XP Security Features

According to Microsoft, one of the top reasons for upgrading to XP is new security features. These include its Encrypted File System, a built-in firewall, configurable Access Control Lists (ACLs) and Group Policies, and Smart Card support. With the EFS, individual files and folders on NTFS volumes can be designated with an encryption attribute. When an administrator turns this attribute on, EFS automatically encrypts all new files created in the folder and all plain text files are copied or moved to the folder. As an option, all existing files and subfolders can be designated for encryption. XP includes predefined templates to establish security levels during creation of a resource, applying ACLs and establishing Group Policies. Administrators have the option of accepting the defaults or using any of the thousands of individually configurable security settings.
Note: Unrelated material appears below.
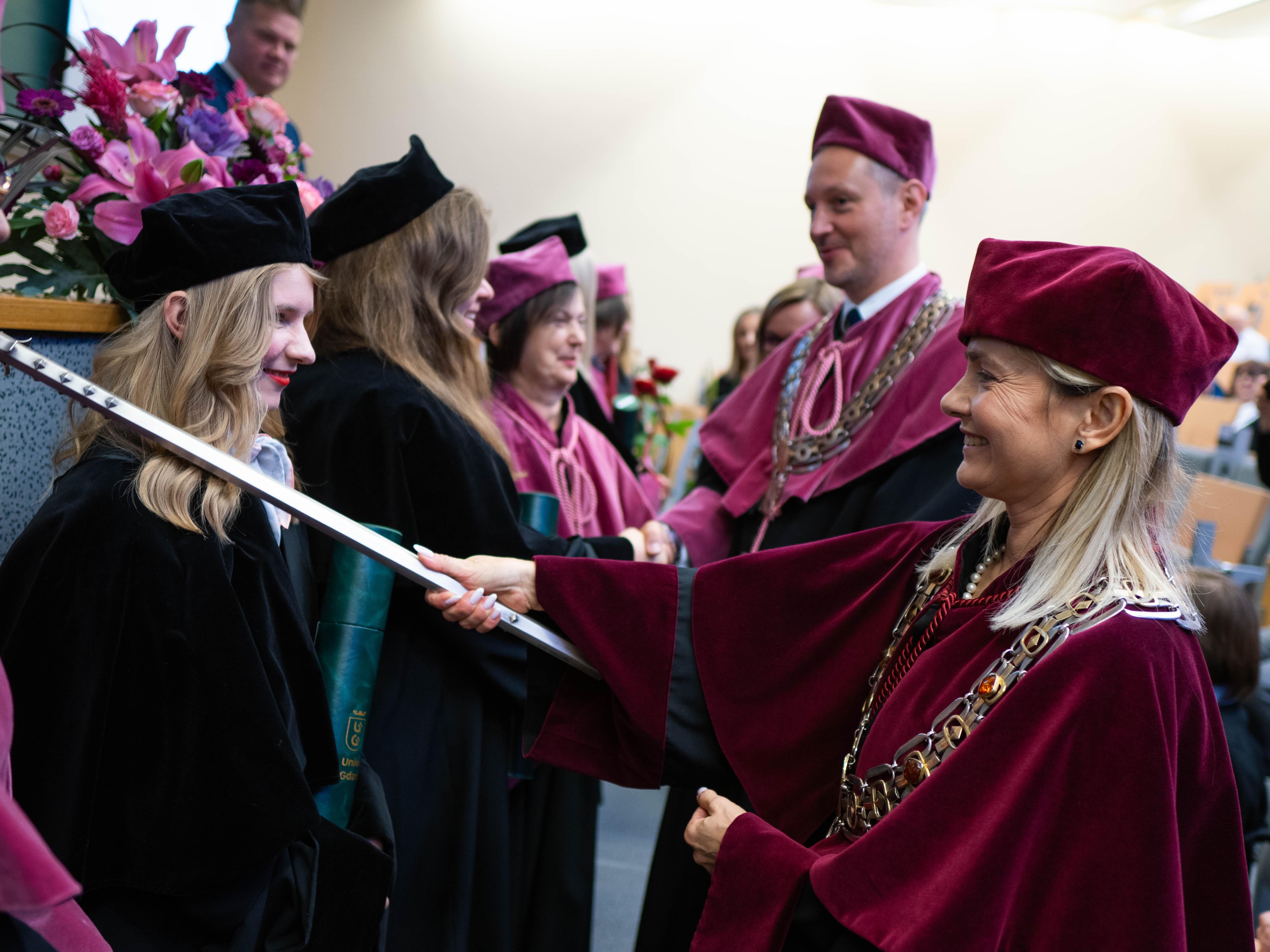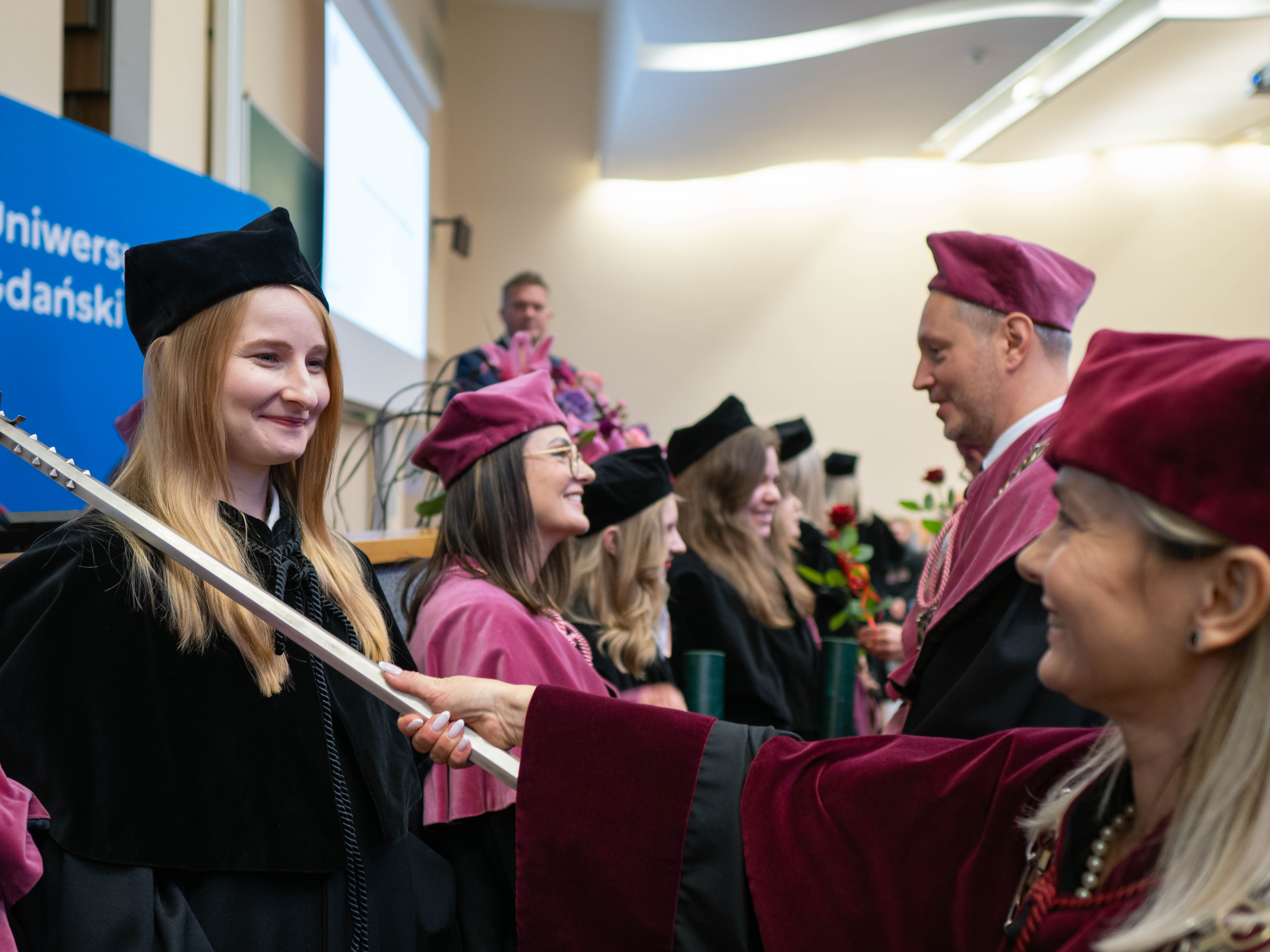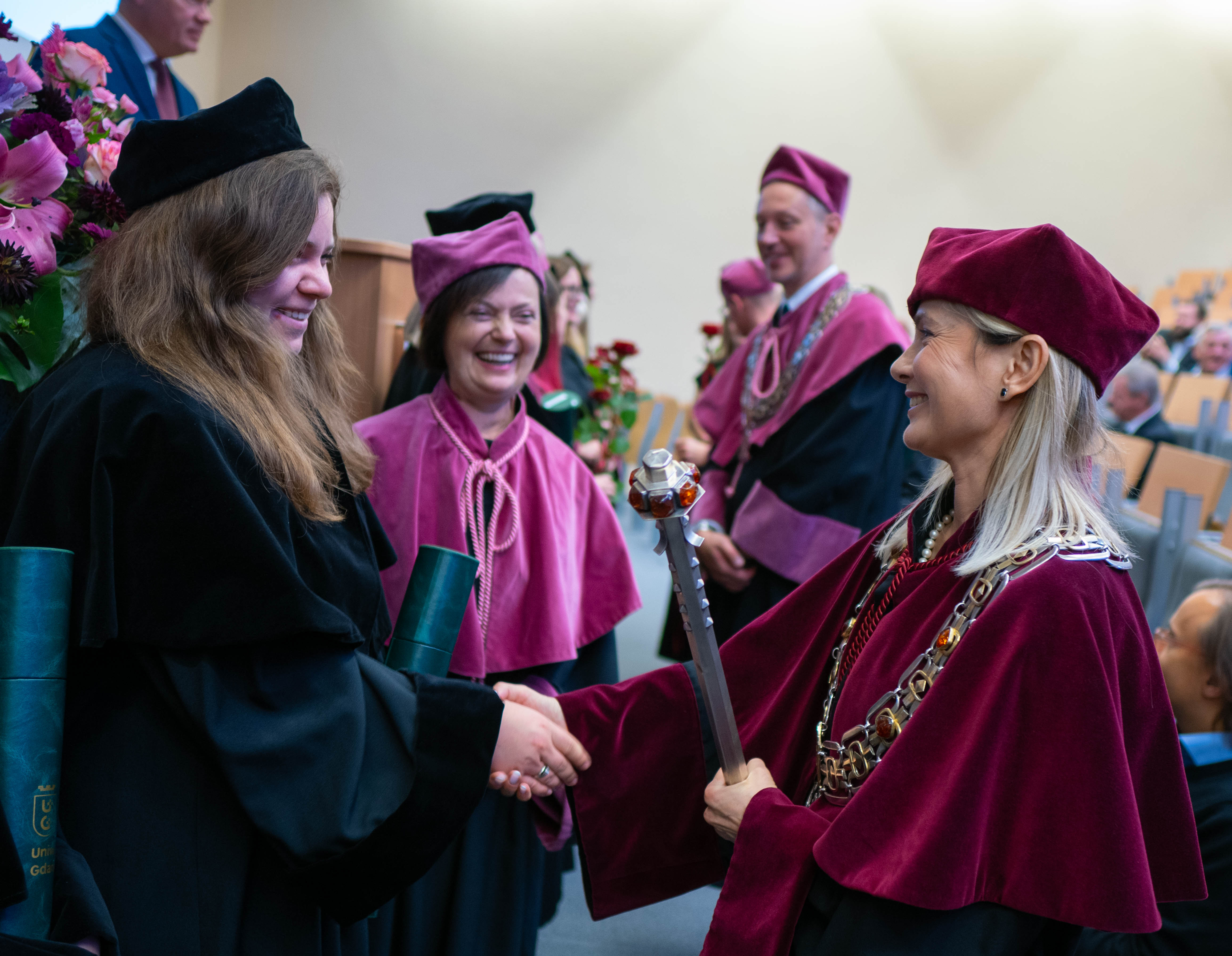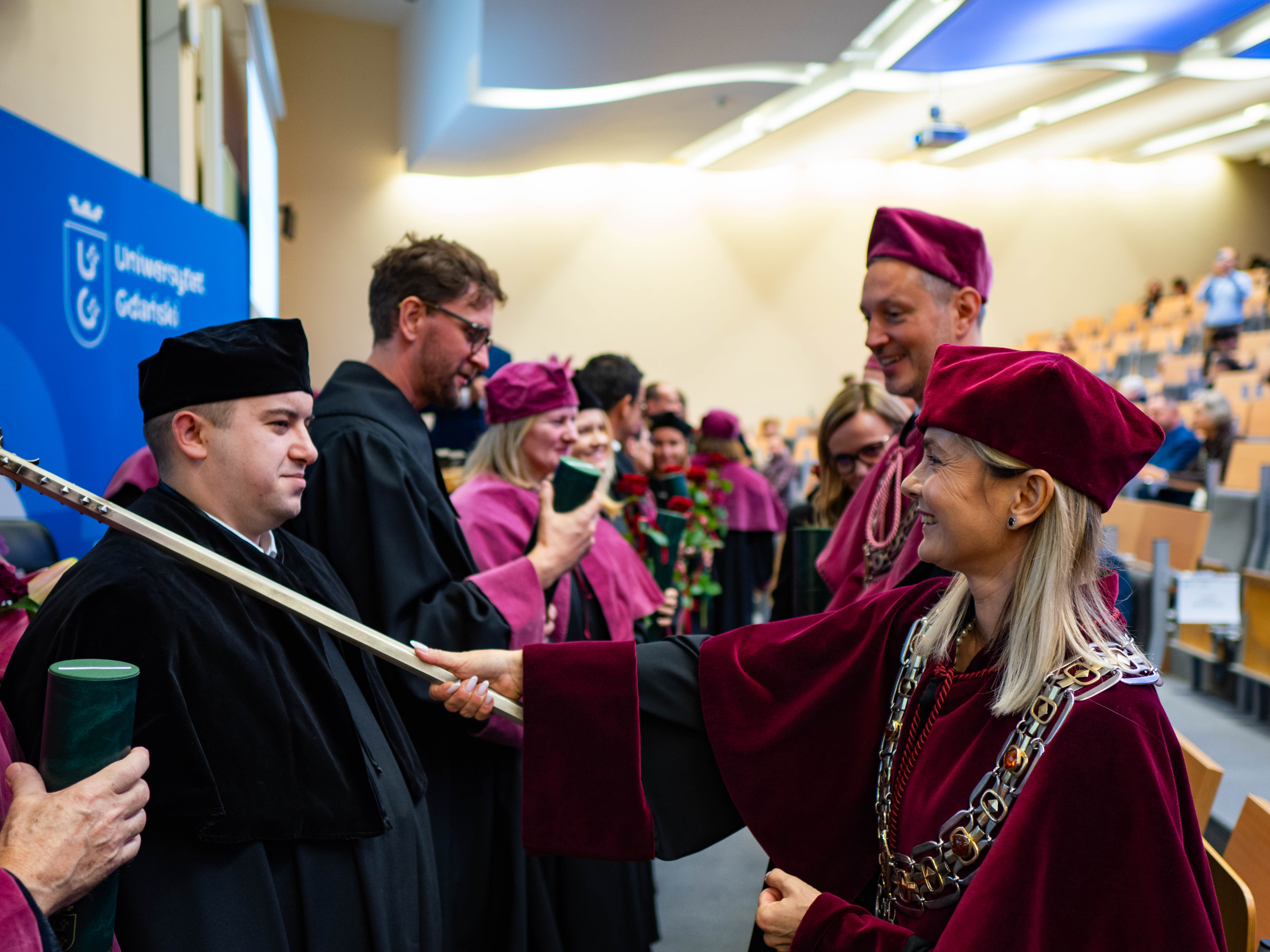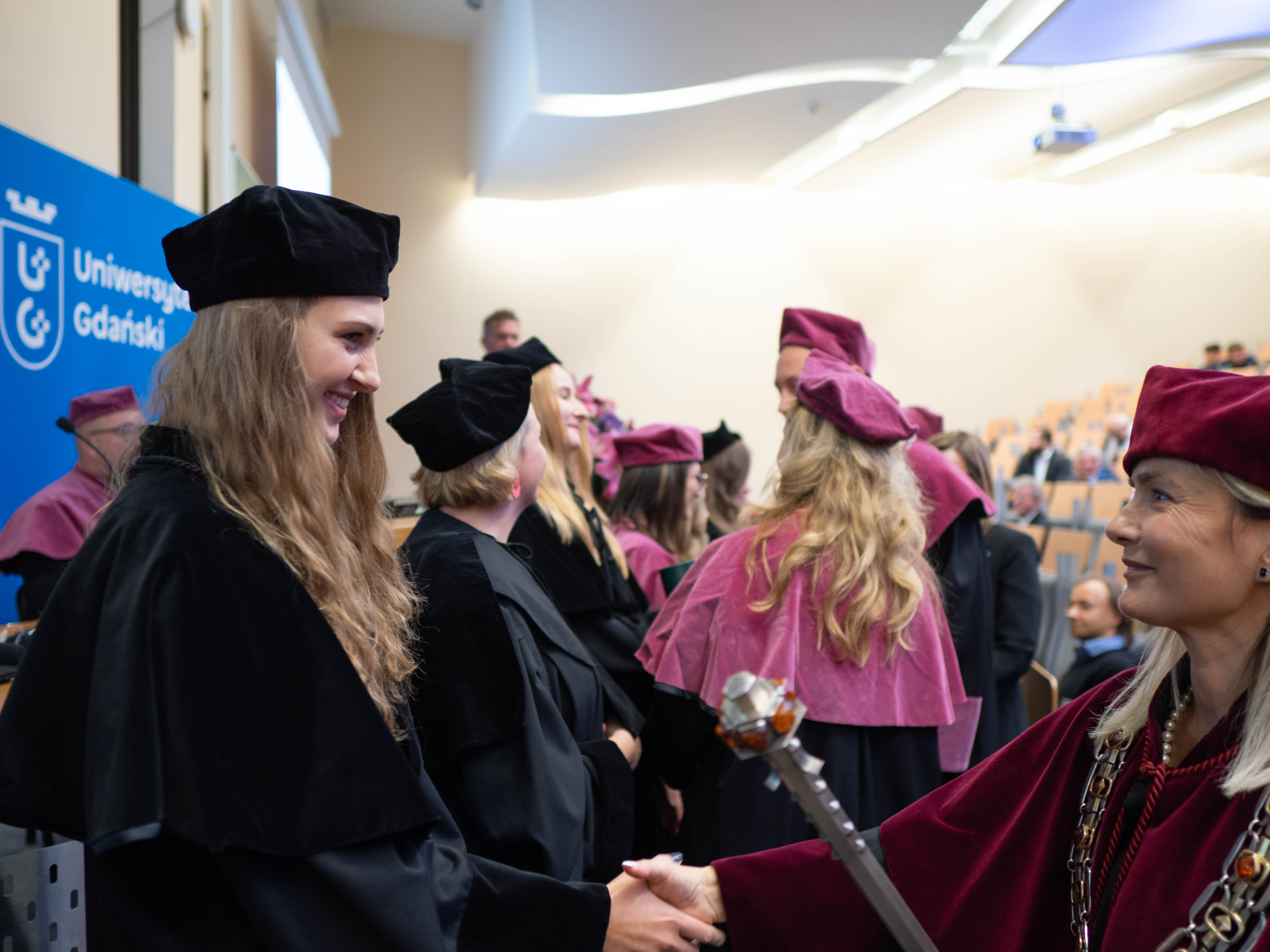 After the traditional Gaudeamus Igitur performed by the University of Gdańsk Academic Choir, prof. Michał Harciarek mentioned three professorial titles awarded to WNS researchers: prof. Danuta Plecka, prof. Monika Trojanowska and prof. Anna Maria Zawadzka. Commemorative diplomas on the occasion of the degrees were presented by the Vice-Rector for Cooperation and Internationalisation, dr hab. Anna Jurkowska-Zeidler, prof. UG. The inauguration was followed by the presentation of postdoctoral diplomas and doctoral promotions. The doctoral students then took the traditional oath before prof. A. Jurkowska-Zeidler.

The biggest XP security news has been the new Internet Connection Firewall (ICF) that works as a packet filter to block unsolicited connections. It does this by using the Network Address Translation (NAT) flow table. It allows incoming data flows only when there is an existing NAT flow table mapping. ICF works only when a computer is part of a work group or is operating as a stand-alone device. If it is operating as part of a domain, the IT administrator sets the protection features. So, should an enterprise rely on the ICF? Probably not. Gartner Group believes that pulling complex application software into operating system software represents a substantial security risk. More lines of code mean more complexity, which means more security bugs. Worse yet, it often means that fixing one security bug will cause one or more new security bugs.

Not surprisingly, it did not take long before the first XP security hole was discovered. Within three weeks of its release, eEye Digital Security, Inc. (Aliso Viejo, California) had already located three major flaws, one of which would let hackers take over a computer at the system level. Although Microsoft quickly released a patch, the FBI's National Infrastructure Protection Center still recommended that users disable XP's Universal Plug and Play features to avoid any problems.

According to Gibson Research Corporation (Laguna Hills, California), ICF only masks the machine from the Internet in order to block inbound packets. Because many worms spread by users clicking on an e-mail attachment, XP would not block spyware or prevent the computer from being used in a denial-of-service attack. XP's built-in firewall, in fact, does not attempt to manage or restrict outbound communications at all; therefore, a good third-party personal firewall will still be necessary to manage and control outbound connections from a system.

To adequately protect the network, then, a third-party software or hardware firewall is an absolute must in any enterprise. The XP firewall feature is worth using on laptops or home computers that do not have an enterprise-strength version already installed, but mobile users can achieve far greater security by installing any of several products on the market. One of the better ones is McAfee Personal Firewall ($29.95 for a one-year subscription) from McAfee.com Corporation (Sunnyvale, California; www.mcafee.com).